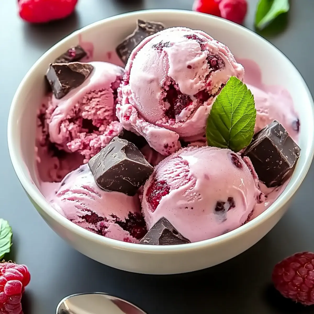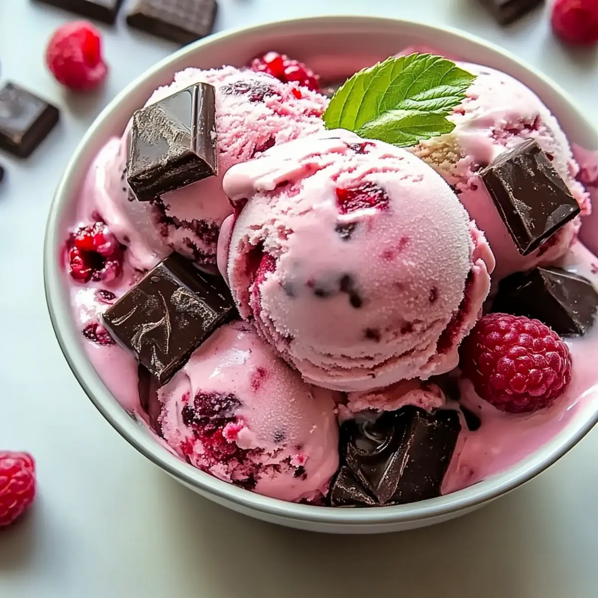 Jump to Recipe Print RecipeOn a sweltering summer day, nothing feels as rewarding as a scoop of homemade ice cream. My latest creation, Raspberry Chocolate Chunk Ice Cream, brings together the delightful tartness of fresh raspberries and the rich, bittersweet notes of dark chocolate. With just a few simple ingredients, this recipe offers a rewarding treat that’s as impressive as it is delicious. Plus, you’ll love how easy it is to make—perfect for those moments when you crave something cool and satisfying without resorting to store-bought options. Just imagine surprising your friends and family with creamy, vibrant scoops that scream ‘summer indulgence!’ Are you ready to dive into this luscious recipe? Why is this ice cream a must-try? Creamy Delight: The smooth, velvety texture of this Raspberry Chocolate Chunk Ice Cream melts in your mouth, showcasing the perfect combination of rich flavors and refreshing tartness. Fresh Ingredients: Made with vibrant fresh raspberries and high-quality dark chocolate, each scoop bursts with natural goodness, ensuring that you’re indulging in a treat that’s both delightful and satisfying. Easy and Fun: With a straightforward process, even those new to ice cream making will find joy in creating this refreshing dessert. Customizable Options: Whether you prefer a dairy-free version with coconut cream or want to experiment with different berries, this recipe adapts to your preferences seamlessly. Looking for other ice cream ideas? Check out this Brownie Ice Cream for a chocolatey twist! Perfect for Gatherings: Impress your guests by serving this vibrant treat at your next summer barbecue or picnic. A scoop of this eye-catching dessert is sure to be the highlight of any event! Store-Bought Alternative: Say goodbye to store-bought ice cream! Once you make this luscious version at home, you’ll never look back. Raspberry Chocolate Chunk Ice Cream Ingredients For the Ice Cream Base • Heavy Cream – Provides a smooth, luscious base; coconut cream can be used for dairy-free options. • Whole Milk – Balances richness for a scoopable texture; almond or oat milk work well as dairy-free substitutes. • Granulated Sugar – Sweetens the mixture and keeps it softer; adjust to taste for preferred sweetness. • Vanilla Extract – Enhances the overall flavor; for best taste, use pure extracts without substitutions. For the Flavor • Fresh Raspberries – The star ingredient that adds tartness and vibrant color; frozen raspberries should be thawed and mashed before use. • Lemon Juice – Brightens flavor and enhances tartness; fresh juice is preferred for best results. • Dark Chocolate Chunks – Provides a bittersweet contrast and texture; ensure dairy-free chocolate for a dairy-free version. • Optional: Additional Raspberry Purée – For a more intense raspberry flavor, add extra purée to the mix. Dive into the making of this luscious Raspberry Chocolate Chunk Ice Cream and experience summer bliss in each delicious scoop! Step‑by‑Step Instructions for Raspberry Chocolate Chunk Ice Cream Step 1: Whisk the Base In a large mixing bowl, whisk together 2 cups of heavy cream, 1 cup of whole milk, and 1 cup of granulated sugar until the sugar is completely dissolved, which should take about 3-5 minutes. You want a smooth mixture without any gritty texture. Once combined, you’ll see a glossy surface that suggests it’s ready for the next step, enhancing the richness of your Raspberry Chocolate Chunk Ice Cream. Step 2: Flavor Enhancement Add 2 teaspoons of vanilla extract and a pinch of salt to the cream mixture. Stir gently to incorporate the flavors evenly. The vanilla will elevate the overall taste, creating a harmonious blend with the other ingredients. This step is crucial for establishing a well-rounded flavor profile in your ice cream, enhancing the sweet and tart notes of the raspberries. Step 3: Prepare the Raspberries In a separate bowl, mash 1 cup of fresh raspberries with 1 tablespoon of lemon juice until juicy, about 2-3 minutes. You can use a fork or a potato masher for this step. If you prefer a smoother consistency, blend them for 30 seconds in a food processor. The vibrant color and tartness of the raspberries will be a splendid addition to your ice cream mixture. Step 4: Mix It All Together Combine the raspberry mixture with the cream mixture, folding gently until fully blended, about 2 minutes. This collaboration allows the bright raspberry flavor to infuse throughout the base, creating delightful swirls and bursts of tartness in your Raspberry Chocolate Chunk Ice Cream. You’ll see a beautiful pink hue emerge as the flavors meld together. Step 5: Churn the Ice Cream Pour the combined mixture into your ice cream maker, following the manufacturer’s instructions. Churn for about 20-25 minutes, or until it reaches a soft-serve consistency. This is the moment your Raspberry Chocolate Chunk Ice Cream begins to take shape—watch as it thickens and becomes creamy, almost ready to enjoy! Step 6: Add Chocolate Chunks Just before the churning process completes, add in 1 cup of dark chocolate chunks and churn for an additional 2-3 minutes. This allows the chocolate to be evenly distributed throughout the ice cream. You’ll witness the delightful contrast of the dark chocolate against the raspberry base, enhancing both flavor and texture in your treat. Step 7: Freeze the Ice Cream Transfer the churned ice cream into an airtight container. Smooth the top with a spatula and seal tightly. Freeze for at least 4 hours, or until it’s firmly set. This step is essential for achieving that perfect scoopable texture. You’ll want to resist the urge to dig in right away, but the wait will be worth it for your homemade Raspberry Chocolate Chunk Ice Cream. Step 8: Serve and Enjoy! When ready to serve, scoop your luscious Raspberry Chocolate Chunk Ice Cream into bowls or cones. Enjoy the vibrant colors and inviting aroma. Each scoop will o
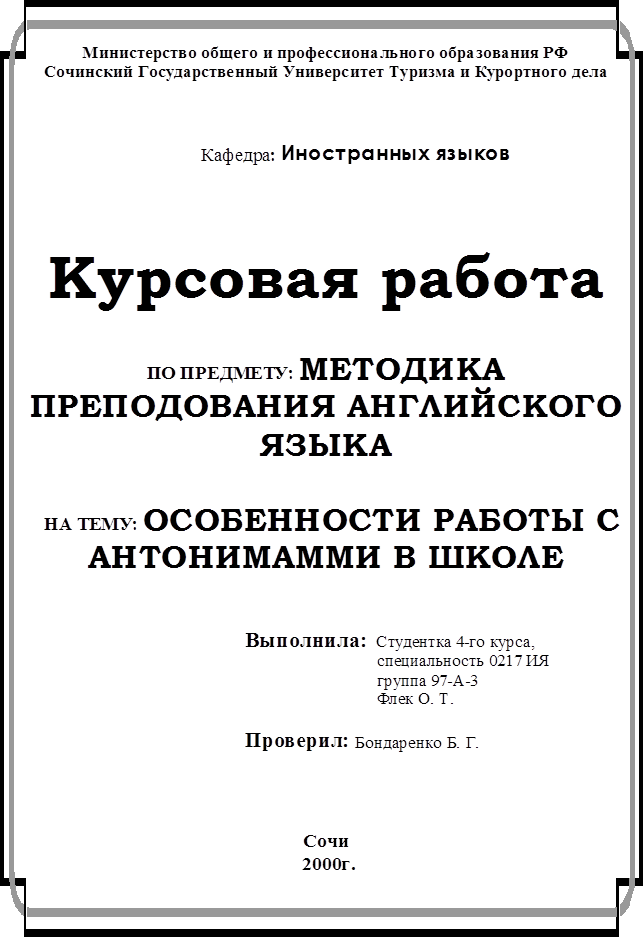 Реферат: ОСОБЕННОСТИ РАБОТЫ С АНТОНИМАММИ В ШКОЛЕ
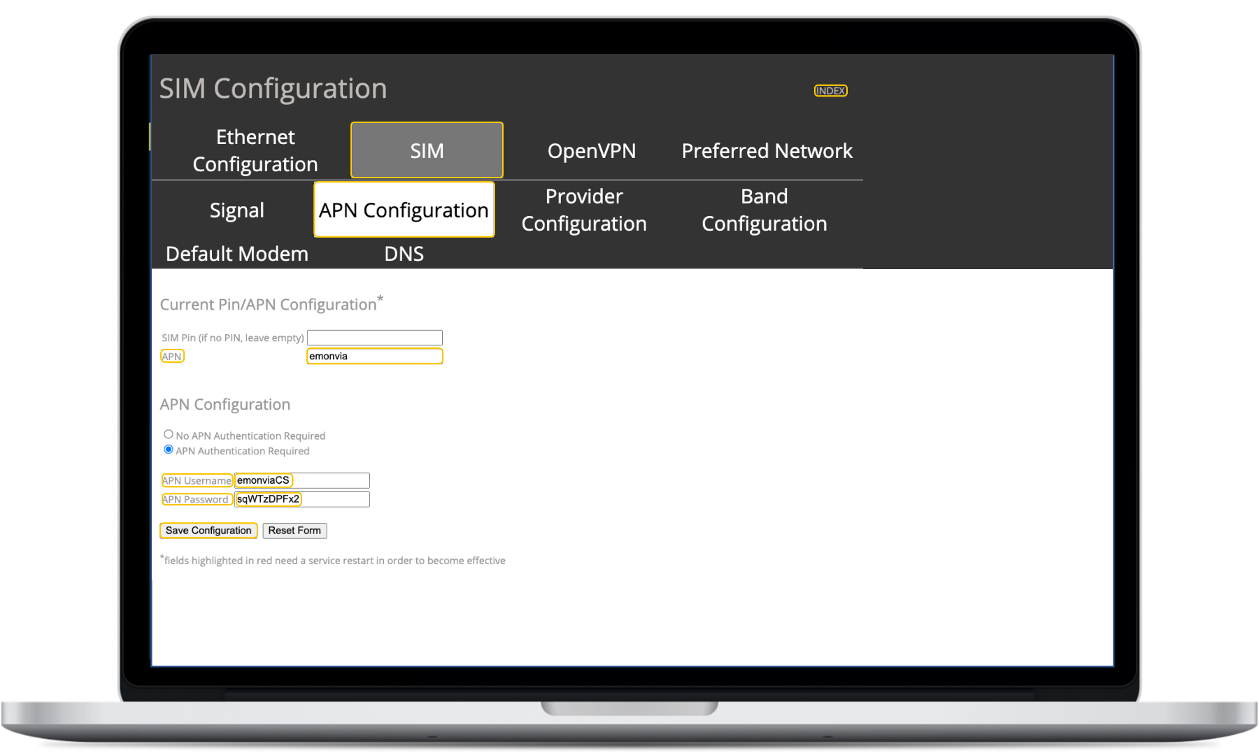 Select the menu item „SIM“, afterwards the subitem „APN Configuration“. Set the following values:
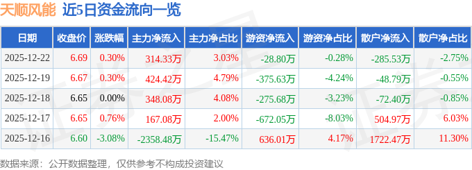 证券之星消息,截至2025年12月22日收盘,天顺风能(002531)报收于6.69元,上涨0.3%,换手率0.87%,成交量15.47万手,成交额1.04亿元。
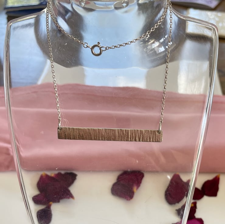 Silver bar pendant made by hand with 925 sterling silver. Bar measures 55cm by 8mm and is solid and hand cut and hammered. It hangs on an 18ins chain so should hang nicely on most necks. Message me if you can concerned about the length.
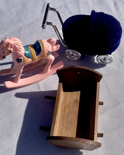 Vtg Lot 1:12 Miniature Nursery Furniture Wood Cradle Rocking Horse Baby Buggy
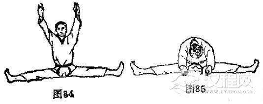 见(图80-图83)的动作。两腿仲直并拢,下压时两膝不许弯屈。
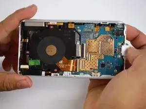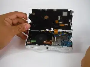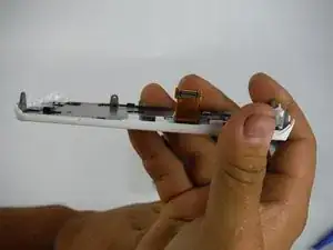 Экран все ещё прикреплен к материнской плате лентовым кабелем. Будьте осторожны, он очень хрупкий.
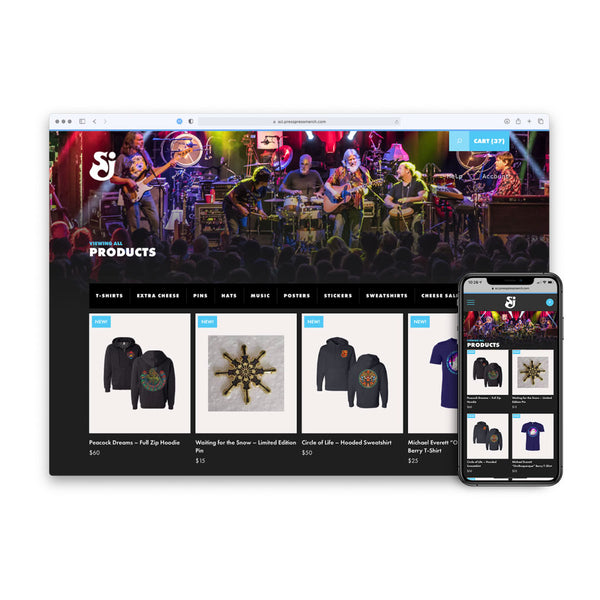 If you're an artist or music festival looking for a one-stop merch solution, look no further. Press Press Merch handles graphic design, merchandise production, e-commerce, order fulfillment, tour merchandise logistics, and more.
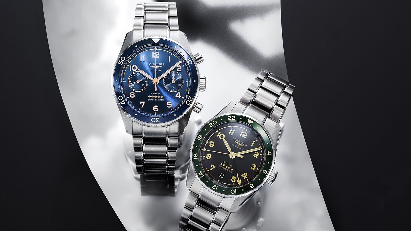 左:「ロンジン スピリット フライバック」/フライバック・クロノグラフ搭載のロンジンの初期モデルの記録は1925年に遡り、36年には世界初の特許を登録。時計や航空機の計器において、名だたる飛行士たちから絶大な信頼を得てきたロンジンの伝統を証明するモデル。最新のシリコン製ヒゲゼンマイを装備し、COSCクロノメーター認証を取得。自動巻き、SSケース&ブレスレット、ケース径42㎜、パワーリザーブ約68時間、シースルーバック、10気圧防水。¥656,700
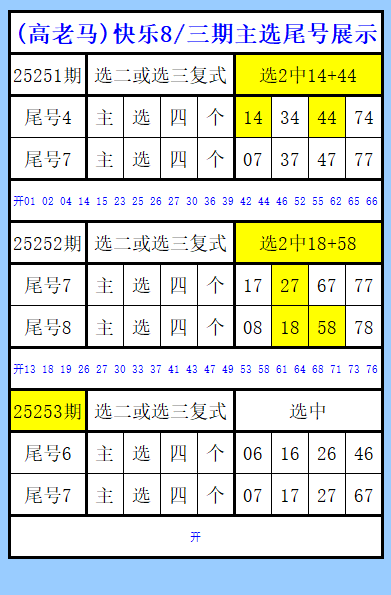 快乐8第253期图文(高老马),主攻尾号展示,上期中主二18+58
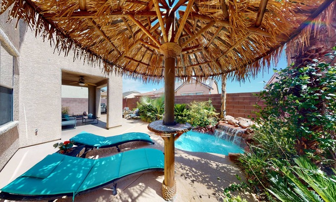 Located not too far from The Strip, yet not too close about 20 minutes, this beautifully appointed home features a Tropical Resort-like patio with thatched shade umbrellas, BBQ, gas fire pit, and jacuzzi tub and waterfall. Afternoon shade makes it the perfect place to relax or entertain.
+++
*Task statement*
For this exercise, set down exactly the lines that run from the line holding "Vtg Lot 1:12" to the last line of the records above; include both end lines and omit pictures.

*Answer box*
 Vtg Lot 1:12 Miniature Nursery Furniture Wood Cradle Rocking Horse Baby Buggy
 见(图80-图83)的动作。两腿仲直并拢,下压时两膝不许弯屈。
 Экран все ещё прикреплен к материнской плате лентовым кабелем. Будьте осторожны, он очень хрупкий.
 If you're an artist or music festival looking for a one-stop merch solution, look no further. Press Press Merch handles graphic design, merchandise production, e-commerce, order fulfillment, tour merchandise logistics, and more.
 左:「ロンジン スピリット フライバック」/フライバック・クロノグラフ搭載のロンジンの初期モデルの記録は1925年に遡り、36年には世界初の特許を登録。時計や航空機の計器において、名だたる飛行士たちから絶大な信頼を得てきたロンジンの伝統を証明するモデル。最新のシリコン製ヒゲゼンマイを装備し、COSCクロノメーター認証を取得。自動巻き、SSケース&ブレスレット、ケース径42㎜、パワーリザーブ約68時間、シースルーバック、10気圧防水。¥656,700
 快乐8第253期图文(高老马),主攻尾号展示,上期中主二18+58
 Located not too far from The Strip, yet not too close about 20 minutes, this beautifully appointed home features a Tropical Resort-like patio with thatched shade umbrellas, BBQ, gas fire pit, and jacuzzi tub and waterfall. Afternoon shade makes it the perfect place to relax or entertain.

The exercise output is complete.